Analysis With the latest round of trade restrictions on AI chips, the Biden Administration is poised to all but cut off the Chinese market from high-end GPUs and accelerators – not just in the datacenter, but at home as well.
The rules, announced this week, seek to prevent US persons or companies from furthering the People’s Republic of China’s – and other countries of concern – military and surveillance agendas.

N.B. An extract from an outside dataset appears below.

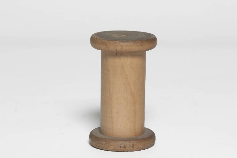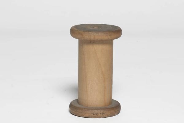 Rocchetto interamente in legno, con anima molto grossa e piccole flange, realizzato per tornitura in un pezzo solo. Possiede un canale passante lungo l'asse, per il posizionamento sul fuso del filatoio. I 15 oggetti della serie sono singolarmente contrassegnati con lettere da A a Q

And as we’ve previously reported, the updated restrictions are likely to impact a large swath of Nvidia’s GPU lineup, including its H800 and A800 kit built to comply with last fall’s export rules. That’s bad news for the Chinese web giants that had reportedly planned to purchase $4 billion worth of the cards in 2024, and for US companies, like Intel and AMD, working on their own cut-down chips for sale in the Middle Kingdom, and bad news for the vendors hoping to sell more hardware.

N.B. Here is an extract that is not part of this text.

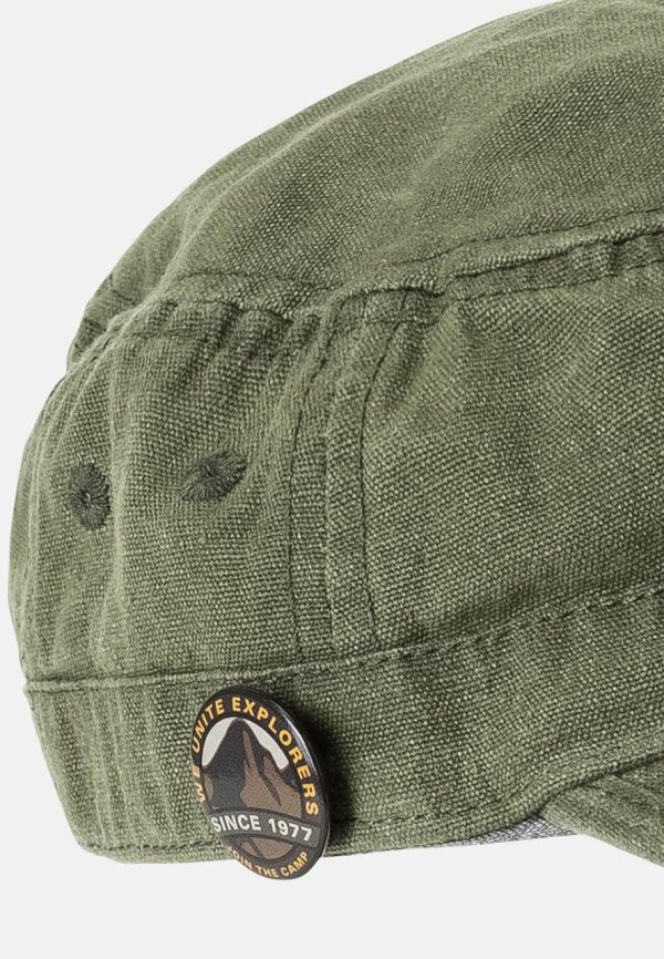 A cool accessory, the Cuba cap is made from pure cotton with a canvas structure. The casual look of the cotton canvas is complemented by a matt black camel active pin and camel active patch on the sides. The military cap has a curved peak and a metal buckle at the back to adjust the size. Cool looks with a field jacket, sweater and jeans are perfectly complemented by this cap.

Performance caps for chips bound for China
Until now, the primary performance cap on GPUs and AI accelerators exported to countries of concern — i.e. China — have centered around interconnect bandwidth. This refers to the speed at which the processors can communicate with each other. Last year’s rules restricted the export of chips with bidirectional interconnect bandwidth of 600GB/s, without a special license.

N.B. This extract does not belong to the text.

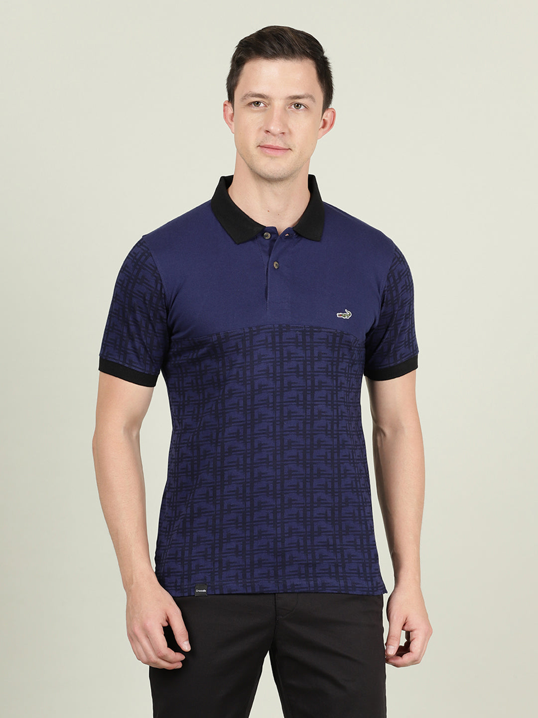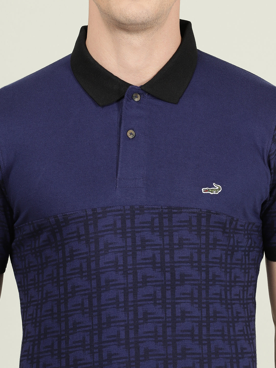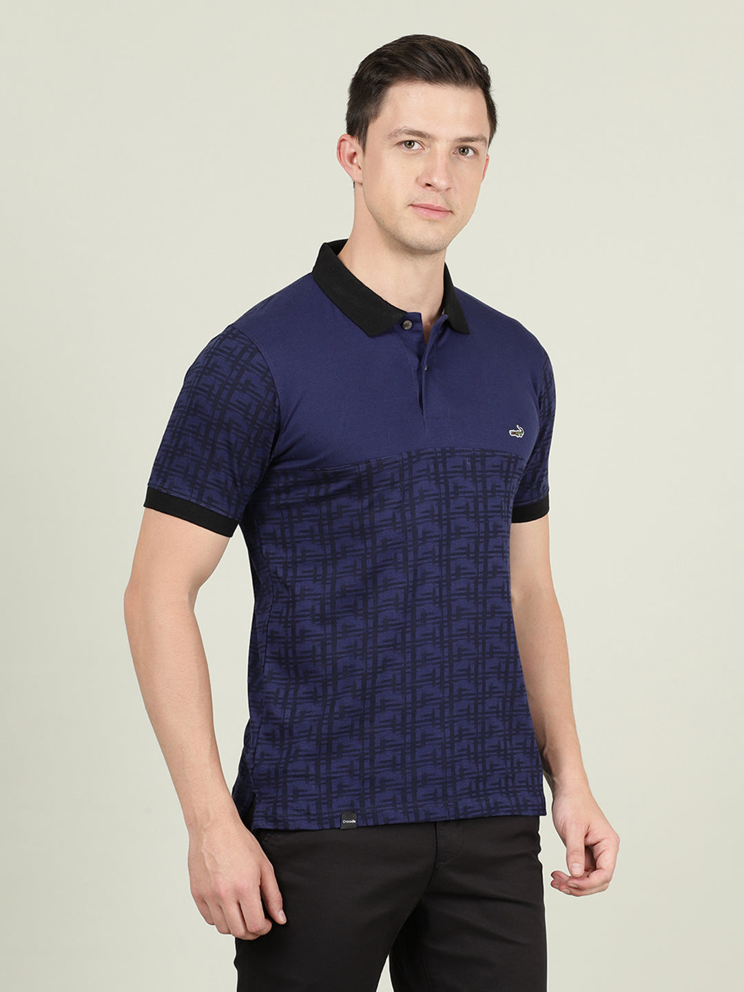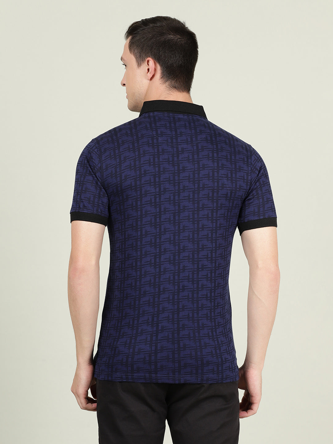 Blue Printed Engineered Polo Slim Fit Polo T-Shirts

In response, Nvidia and Intel both tweaked their latest GPUs, nerfing the interconnect speeds to skirt under the Commerce Department’s restrictions. Those H800s we mentioned earlier are a prime example.
The Biden administration has now gone a step further by implementing a set of caps on performance density. Per the Bureau of Industry and Security (BIS) filing [PDF] this week, the first and arguably most important of these rules restricts the export of:
“Integrated circuits having one or more digital processing units have either of the following: a.1. a ‘total processing performance’ of 4,800 or more, or a.2. a ‘total processing performance’ of 1,600 or more and a ‘performance density’ of 5.92 or more.”
Calculating the total processing performance (TPP) score for any given GPU or accelerator is a fairly straightforward project. Double the max number of dense tera-operations — floating point or integer — a second and multiple by the bit length of the operation. If there are multiple performance metrics advertised for various precisions — INT4, FP8, FP16, and FP32, for example — the highest TPP score is used.
Using Nvidia’s L40S as an example, the equation would look a bit like this:
2 x 733 teraFLOPS x 8 bits = a TPP of 11,728
The eagle-eyed among you may have noticed that we’re not using the 1,466 teraFLOPS of FP8 advertised by Nvidia on its data sheet. This is because, for the purposes of calculating TPP, processors that offer both dense and sparse calculations should disregard the latter.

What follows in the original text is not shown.